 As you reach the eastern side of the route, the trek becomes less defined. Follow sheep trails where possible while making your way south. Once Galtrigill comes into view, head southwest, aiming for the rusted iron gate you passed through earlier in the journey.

□ □ □ □ □ □ □

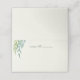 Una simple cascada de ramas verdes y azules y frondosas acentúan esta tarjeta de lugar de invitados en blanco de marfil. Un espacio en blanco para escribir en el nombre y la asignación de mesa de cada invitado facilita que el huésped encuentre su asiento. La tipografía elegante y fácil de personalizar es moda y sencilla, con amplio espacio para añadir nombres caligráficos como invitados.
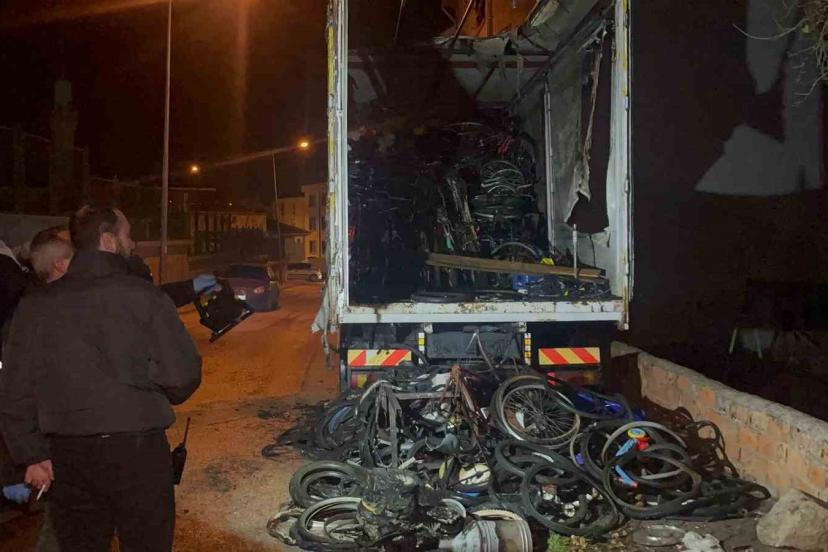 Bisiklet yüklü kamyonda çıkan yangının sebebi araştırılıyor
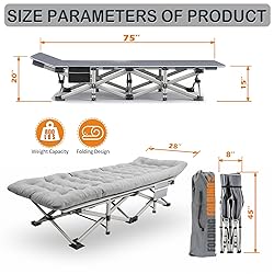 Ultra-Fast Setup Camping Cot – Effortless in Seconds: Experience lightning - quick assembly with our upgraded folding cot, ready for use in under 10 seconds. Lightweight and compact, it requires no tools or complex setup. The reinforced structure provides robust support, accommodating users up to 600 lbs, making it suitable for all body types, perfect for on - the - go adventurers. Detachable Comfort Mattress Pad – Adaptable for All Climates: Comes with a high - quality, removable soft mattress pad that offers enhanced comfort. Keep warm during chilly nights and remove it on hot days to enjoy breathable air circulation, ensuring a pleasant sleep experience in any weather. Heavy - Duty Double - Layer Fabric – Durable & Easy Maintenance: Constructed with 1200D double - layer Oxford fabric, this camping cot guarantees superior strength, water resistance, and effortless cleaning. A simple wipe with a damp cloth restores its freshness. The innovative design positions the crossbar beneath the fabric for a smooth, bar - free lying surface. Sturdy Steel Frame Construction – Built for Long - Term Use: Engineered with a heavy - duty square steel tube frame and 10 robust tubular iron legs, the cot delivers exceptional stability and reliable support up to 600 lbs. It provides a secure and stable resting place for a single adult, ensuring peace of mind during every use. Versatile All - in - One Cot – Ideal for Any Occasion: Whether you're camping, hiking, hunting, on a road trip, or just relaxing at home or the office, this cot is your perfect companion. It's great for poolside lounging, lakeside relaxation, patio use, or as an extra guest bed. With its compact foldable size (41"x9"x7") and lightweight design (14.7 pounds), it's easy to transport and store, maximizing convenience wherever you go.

□ □ □ □ □ □ □

Write out exactly the lines above between the one with "Una simple cascada" and the one with "Bisiklet yüklü kamyonda", inclusive, with pictures left out.

 Una simple cascada de ramas verdes y azules y frondosas acentúan esta tarjeta de lugar de invitados en blanco de marfil. Un espacio en blanco para escribir en el nombre y la asignación de mesa de cada invitado facilita que el huésped encuentre su asiento. La tipografía elegante y fácil de personalizar es moda y sencilla, con amplio espacio para añadir nombres caligráficos como invitados.
 Bisiklet yüklü kamyonda çıkan yangının sebebi araştırılıyor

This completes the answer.